Answer :
Final Answer:
You need 57.8 g of lithium bromide to prepare a 0.140 M LiBr solution using 444 g of water. The answer is Option C.
Explanation:
We can determine the amount of lithium bromide (LiBr) needed to prepare a 0.140 M solution using the following steps:
Calculate the moles of LiBr required:
Molarity (M) = Concentration of solute (moles/liter)
We are given M = 0.140 M and need to convert the volume unit from liters to moles per kilogram (mol/kg) since we have the mass of water in kg.

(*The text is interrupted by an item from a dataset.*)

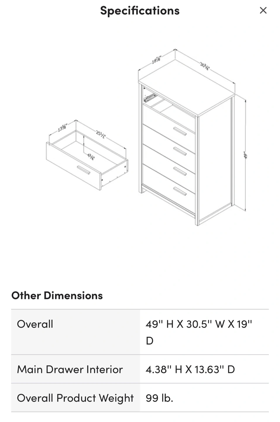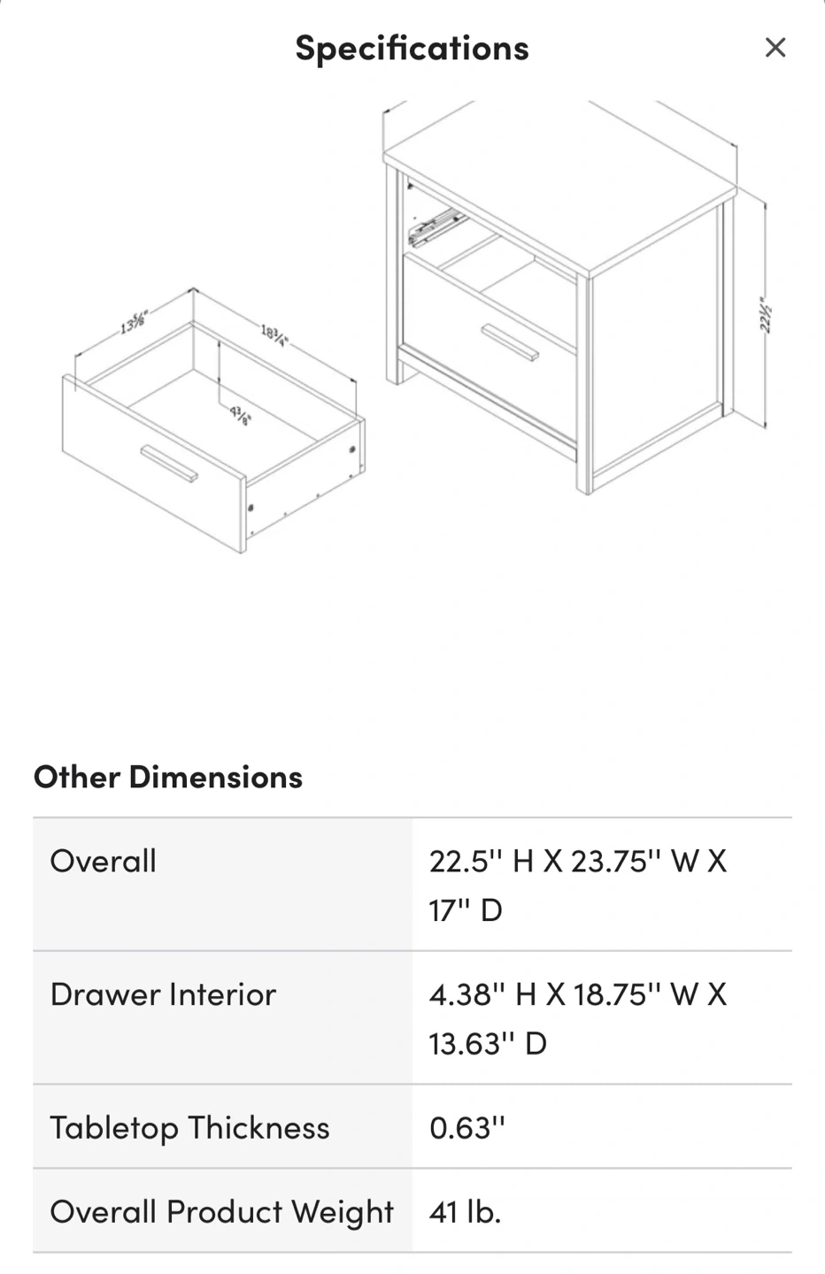 - Drawer Interior: 4.38" H x 18.75" W x 13.63" D

Conversion factor: 1 L = 1 kg (for water, due to its high density)
Therefore:
M = 0.140 mol/L
M = 0.140 mol/kg
Relate moles of LiBr to mass using molar mass:
Moles of LiBr (mol) = Mass of LiBr (g) / Molar mass of LiBr (g/mol)
Molar mass of LiBr = 86.89 g/mol (lookup value)
Determine the mass of water in kg:
Mass of water (g) = 444 g (given)
Mass of water (kg) = 444 g / 1000 g/kg
Mass of water (kg) = 0.444 kg
Now, we can plug the known values into the equation from step 2:
Mass of LiBr (g) = Moles of LiBr (mol) * Molar mass of LiBr (g/mol)
Mass of LiBr (g) = (0.140 mol/kg) * (0.444 kg) * (86.89 g/mol)
Mass of LiBr (g) = 57.8 g
Correct answer: c) 57.8 g
Final Answer:
57.8 grams of lithium bromide must be dissolved in 444 g of water to prepare a 0.140M LiBr solution.
Thus the correct option is c.
Explanation:
To find the mass of lithium bromide needed, we first need to calculate the number of moles of LiBr required to make a 0.140 M solution. This can be done using the formula:[tex]\( \text{Molarity} = \frac{\text{moles of solute}}{\text{volume of solution in liters}} \)[/tex].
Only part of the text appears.